Benefits of Mindfulness
Written by Kristin Tallackson, M.A., LPC (OH), LPC
Mindfulness. A word you’ve probably heard a time or two. When we think of mindfulness our mind often flashes to a yoga studio where the members are in a tangled pose taking deep breaths. But did you know we can take little steps towards mindfulness everyday?
So, what is mindfulness? The American Psychological Association (APA) defines mindfulness as a moment-to-moment awareness of one’s experience without judgment. Mindfulness is a state of being, not merely a trait. Mindfulness promotes a greater awareness of our thoughts, decreasing those pesky ruminating thoughts and enhances working memory. Research by Farb et al., 2010 and Williams, 2010 has shown that practicing mindfulness also reduces stress.
You may ask yourself, “am I being mindful”? If you’re curious, you can take an online quiz. A few include the Five Facet Mindfulness Questionnaire and the Mindfulness Quiz conducted by Berkeley. Using questionnaires are a great way to measure our progress.

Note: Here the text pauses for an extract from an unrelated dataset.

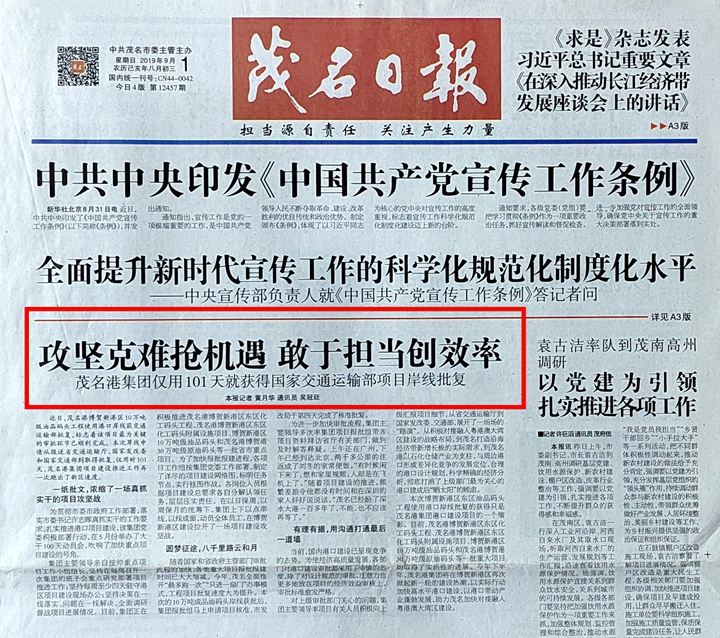 “那時候覺得挺艱難的,現(xiàn)在回想,卻是充滿了甘甜!劉冬回憶起當年的“101天”的故事。在2019年3月底,茂名港博賀新港區(qū)總體規(guī)劃獲得批復,吹響了集團工程大建設的號角,集團立即啟動化工碼頭、油品碼頭的岸線申請、立項報批等工作。劉冬跟隨著集團領導小組的周密部署,多次率集團項目報批組帶齊項目資料拜訪省廳有關部門,做到及時解答釋疑。在報審的過程中,為了使各項報批報建工作加快推進,劉冬帶齊資料主動拜訪有關部門,多次到國家交通部、省交通廳、省生態(tài)環(huán)境廳、省自然資源廳、市交通局等相關部門積極溝通協(xié)調,隨時做好解答匯報。如在設計上,在沒有取得立項之前,先召開內部審查會,先讓專家發(fā)現(xiàn)問題,提前修正初步設計、施工圖設計的內容,大大縮短了今后正式審批的時間。與設計無縫對接,急迫的文件,安排專人坐高鐵或者蹲點設計院,以最快速度取得成果。終于,在多方努力下,僅用時101天,拿到了東區(qū)油品碼頭的岸線批復,創(chuàng)造了茂名的岸線批復史的一個歷史,得到了交通部、省交通廳的一致好評。 “茂名已經盼了深水大港一百多年了,不能,也不應該再等了!長期的奔走,讓劉冬總結出了一套工作方法——“普遍+靶向”工作法:即先普遍后攻堅的各個擊破方式,明確主攻方向和核心突破口,并像釘子一樣深深地楔進每一個關鍵環(huán)節(jié)。“方法很笨,但是很奏效!劉冬謙虛地介紹道“工作關鍵是溝通,溝通的關鍵在高效的往來反饋”。幾年下來,劉冬在這套工作方法的支持下,參與推動博賀新港區(qū)東西防波堤、化工碼頭建設、30萬噸原油碼頭等項目的報批報建、茂名港口岸擴大開放等工作圓滿落地。

What are ways we can cultivate mindfulness?
1. Creating moments of “pause” in your day. Stop what you’re doing and identify the moment. Take in your surroundings and pay close attention to how your body and mind are feeling in the present moment.

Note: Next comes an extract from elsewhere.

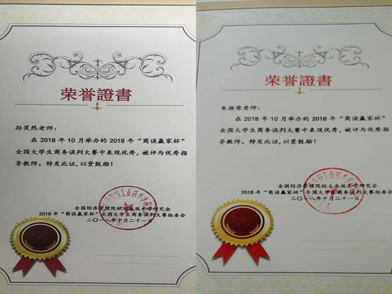 2018年10月20-21日,3044am永利集团商务谈判队参加了在宁夏银川的北方民族大学举办的全国经济管理院校工业技术学研究会沟通与谈判委员会第六届学术年会暨2018年“商谈赢家杯”全国老员工商务谈判大赛。孙笑然老师作为指导老师带队参加。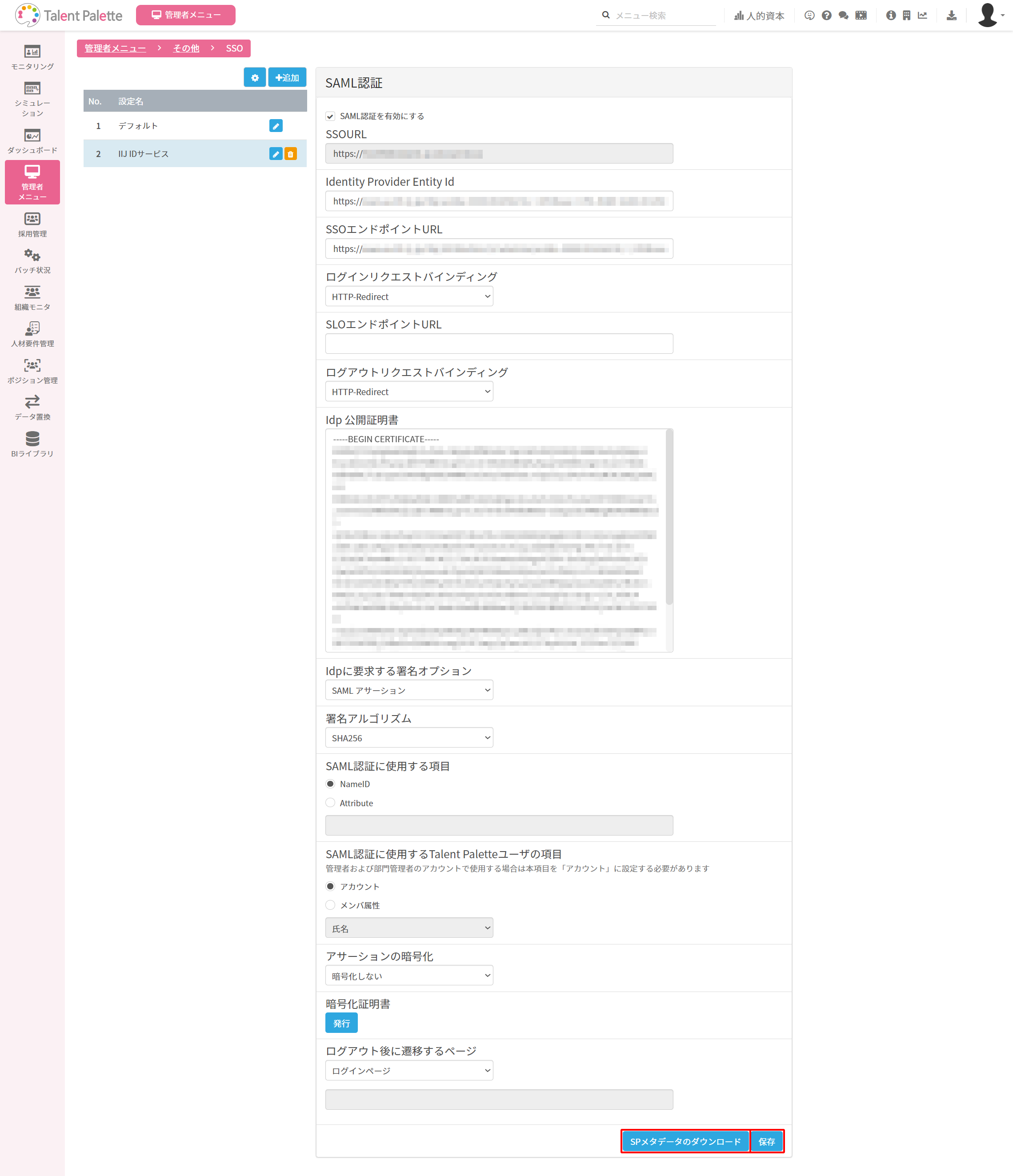 7. 以下のとおり設定し、「SPメタデータのダウンロード」をクリックします。「保存」をクリックします。

2. Enjoy the little things. Some days are hard and it’s hard to not focus on the day as a whole. However, we can often find joy in the small things. It may be the first drink of coffee in the morning, playing our favorite song in the car, or appreciating the color of a flower we pass by.
3. Paying attention to our body cues. Take a moment to reflect on how your body feels. Our bodies are incredible things and tell us what it needs. Is your body telling you to expend energy (exercise/go on a walk) or is it telling you to take a break, to get more sleep. What does that look like for you?
4. Identify and feel your feelings. When it comes to feelings, we can find ourselves in one of two boats: over-analyzing or avoiding. Instead of ignoring your feelings, sit with them. And remember, no emotion is a “bad” emotion.
5. Be intentional about digital/technology time. We can often become distracted by the use of technology. Sometimes, checking social media can give us a break from the chaos of the day, but be intentional about your use. Follow accounts that bring you joy, encourage you, and fill your cup.